Monday, February 21, 2011

If You Just Reverse Keynes, Do You Get a Theory of a Real Economy?

Keynes argued that recessions occured because people held money (for no apparent reason and, strangely, all together at once) rather than spent it. Of course, this gets things backwards:

He who believes that the prices of the good in which he takes an interest will rise, buys more of them than he would have bought in the absence of this belief; accordingly he restricts his cash holding. He who believes that prices will drop, restricts his purchases and thus enlarges his cash holding. As long as such speculative anticipations are limited to some commodities, they do not bring about a general tendency toward changes in cash holding. But it is different if people believe that they are on the eve of big cash-induced changes in purchasing power. When they expect that the money prices of all goods will rise or fall, they expand or restrict their purchases. These attitudes strengthen and accelerate the expected tendencies considerably. This goes on until the point is reached beyond which no further changes in the purchasing power of money are expected. Only then does this inclination to buy or sell stop and do people begin again to increase or to decrease their cash holdings. (Mises, Human Action, 426-7)
In other words, it is the general decrease in prices -- deflation -- which causes people to hold onto their money as they wait for ever-better deals rather than, as Keynes claimed, people holding onto their money en masse that results in deflation and, thus, recession. His approach blinds people to the fact that there is something else which triggered the price decrease. And no, it's not anything like "external shocks" like the oft-blamed "oil shock". In American recessions, at least, oil prices often drop toward the beginning of the officially-recognized recession -- but the pattern is not entirely clear. Further, we should not be surprised if oil prices dropped during a recession. Or that oil prices should go up during an economic bubble -- especially considering how much economic activity requires transportation. Again, the Keynesians reverse cause and effect.

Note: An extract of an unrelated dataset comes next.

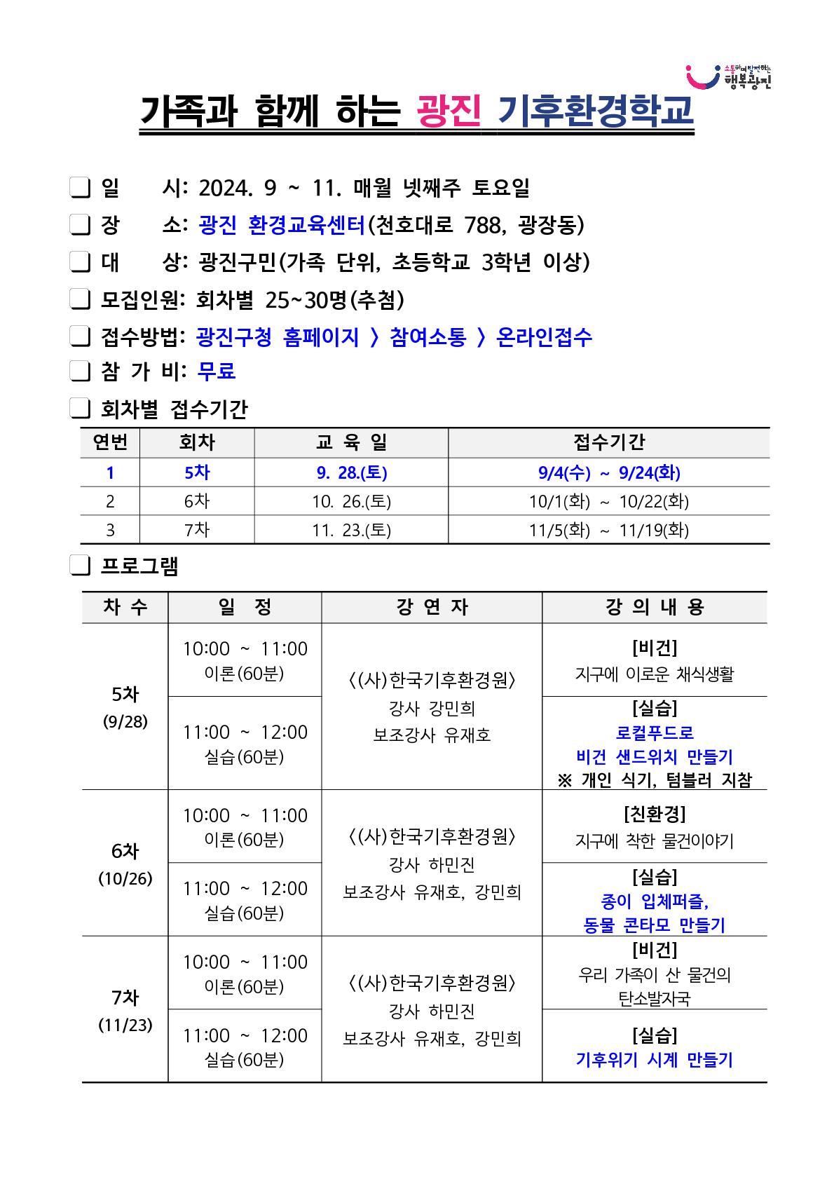 가족과 함께하는 광진 기후환경학교 참여자 모집(9월)

The real causes of recessions are described by Austrian Business Cycle Theory. Keynesianism describes nothing. At best, it tries to treat the symptoms -- and often does so in such a way as to make the patient sicker.

So why do people fall for Keynes?

A retailer or innkeeper can easily fall prey to the illusion that all that is needed to make him and his colleagues more prosperous is more spending on the part of the public. In his yees the main thing is to impel people to spend more. But it is amazing that this belief could be presented to the world as a new social philosophy. Lord Keynes and his disciples make the lack of the propensity to consume responsible for what they deem unsatisfactory in economic conditions. What is needed, in their eyes, to make men more prosperous is not an increase in production, but an increase in spending. In order to make it possible for people to spend more, an "expansionist" policy is recommended.

This doctrine is as old as it is bad. (Mises, Human Action, 432)
More, it again gets things backwards. Further, inflationary policies end up driving the next round of bubble-misallocation-recession that is the real cause of economic downturns. So Keynes not only gets things backwards, but his recommended cure causes the disease. And that's really getting things backwards. I'm sure Mises would be horrifed to learn that such nonsense is still believed after all this time.